NOTE: In the following, ^ means superscript, _ (underscore) means
subscript, and Sum(i=1,9) means the sum for i=1 to 9.
Seven problems. Not all parts of problems are of equal weight.
1. The responses Y to an input X in 20 trials are recorded
in the following table.
Table 1: Responses Y to an input X
----------------------------------------------------
X Y X Y
----------- -----------
1. 21 7 11. 24 26
2. 74 7 12. 70 77
3. 84 716 13. 30 7
4. 56 9 14. 67 29
5. 48 7 15. 92 337
6. 29 116 16. 99 513
7. 61 34 17. 45 632
8. 79 21 18. 81 128
9. 96 153 19. 37 30
10. 93 95 20. 71 550
(i) What is the Pearson correlation coefficient rho between X
and Y for the data in the table? Are the variables Y and X significantly
correlated as measured by rho? What is the (two-sided) P-value?
(ii) What is the Kendall correlation coefficient tau? Are the
variables Y and X significantly correlated as measured by the Kendall
test? What is the (two-sided) P-value? Find two-sided P-values using both
the appropriate table in the text and the large-sample approximation.
Don't forget appropriate tie corrections.
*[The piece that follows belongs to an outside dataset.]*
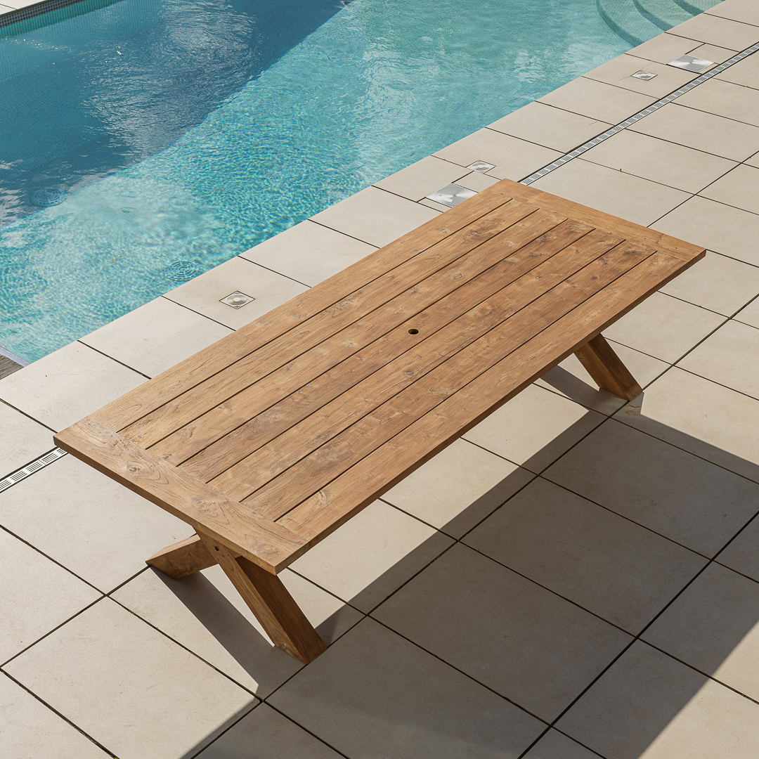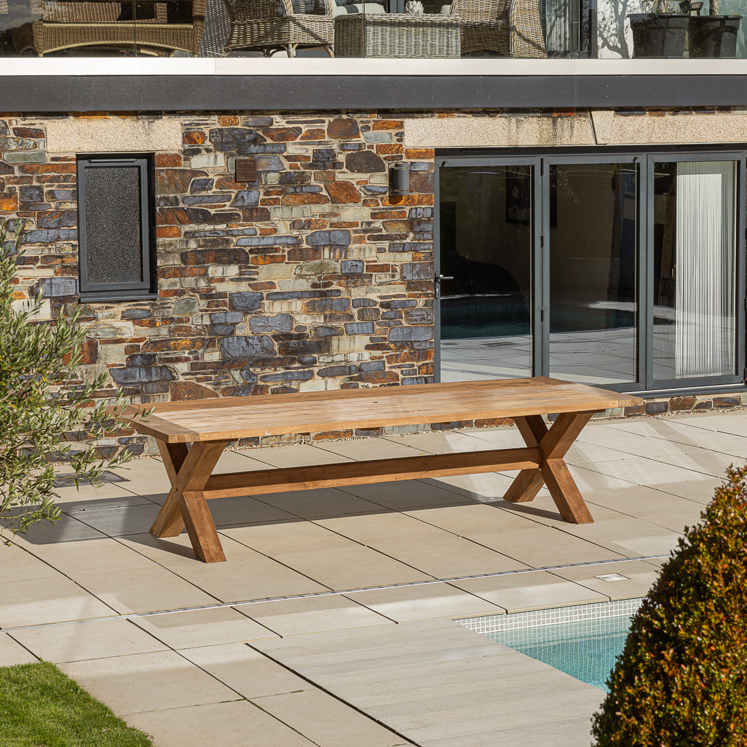 300cm Rectangular Natural Reclaimed Teak Outdoor Cross Leg Dining Table

Bracket P-values from the table
if need be.
(iii) What is the Spearman correlation coefficient R? Are the
variables Y and X significantly correlated as measured by R? What is the
(two-sided) P-value? Find two-sided P-values using both the appropriate
table in the text and the large-sample approximation (see
Section 8.5 in the text). Don't forget the appropriate tie
corrections. Bracket P-values from the table if need be.
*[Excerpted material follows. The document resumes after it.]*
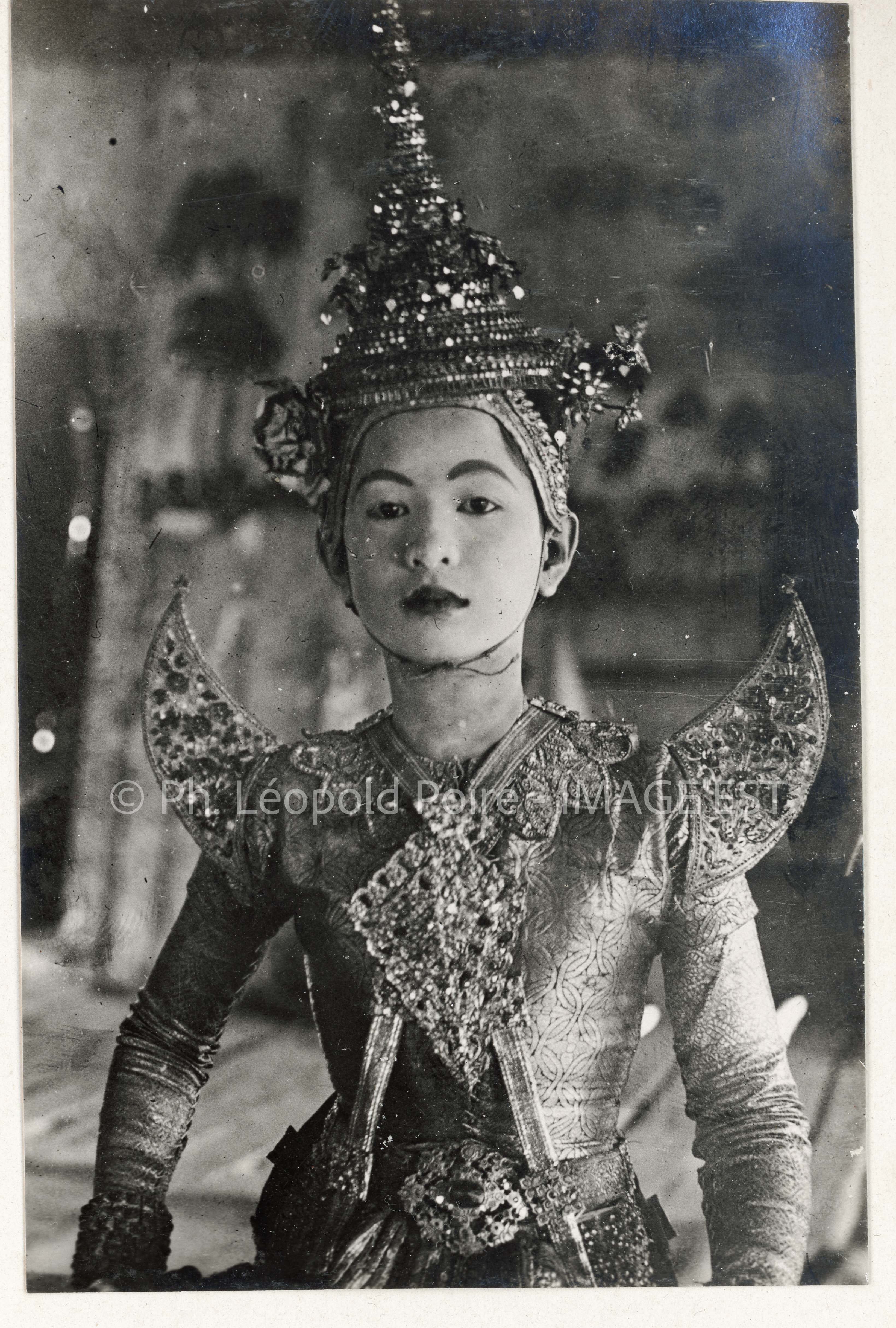 Femme déguisée lors d'un spectacle à Saïgon (Vietnam).

2. An agricultural company is interested in selling one or
more of four new types of lamb chow (food) that were developed in the
company's research division. Weight gains for yearling lambs on the four
new lamb chows (labeled E1,E2,E3,E4) and on a standard lamb chow (Estd)
are given in Table 2.
Table 2: Lamb weight gains for five lamb chows
-------------------------------------------------------
Estd: 58 68 28 14 150 98 138 78 124 84
-------------------------------------------------------
E1: 148 176 90 52 132 32 128 32
E2: 168 218 158 238 72 100 192
E3: 44 206 132 12 108 148 156 182 68 70
E4: 92 150 124 136 180 128 132 216 168 220
-------------------------------------------------------
(i) Is there a significant variation in weight gains for the
five different lamb chows in Table 2? Use the Kruskal-Wallis test
to find out. Find the P-value using the large-sample approximation,
taking ties into account.
(ii) Using the standard diet (Estd) as a control, find
multiple-comparison-corrected P-values that weight gains for E1,E2,E3,E4
are significantly greater than those for Estd (with one-sided P-values).
Use the pairwise-Wilcoxon-rank-sum method of Steel (1959) discussed at
the end of Sections 6.7 in the text.
Specifically, if Z_{1i} is the normalized Wilcoxon rank-sum score
between Ei and Estd in Table 2 (that is,
Z_{1i}=W_{1i}^*/sqrt(2) for W_{ij}^* in Section 6.5), the theory in
Section 6.5 says that approximate multiple-comparison-corrected
one-sided P-values values can be found using the statistic
Xmax=max(i=1,k-1)X_i, where X_i are k-1 standard normal random variables
with a common correlation coefficient of 0.50 (k=5). (That is,
P(Z_{1i}>=A_{obs}) = P(Xmax>=A_{obs}).) Use Table A21 with
rho=0.50 and (ell)=k-1 to find multiple-comparison-corrected one-sided
P-values for each of the new lamb chows.
On the basis of these multiple-comparison-corrected P-values, which
(if any) of the lamb chows are significantly better than the
standard Estd? What are their P-values?
3. Consider the data on the percent conversion of methyl
glusoside to monovinyl isomers in Table 7.14 (page 316) of the
text.
(i) Is this a balanced incomplete block design? Why? If so,
what are the parameters k, n, s, p, and lambda?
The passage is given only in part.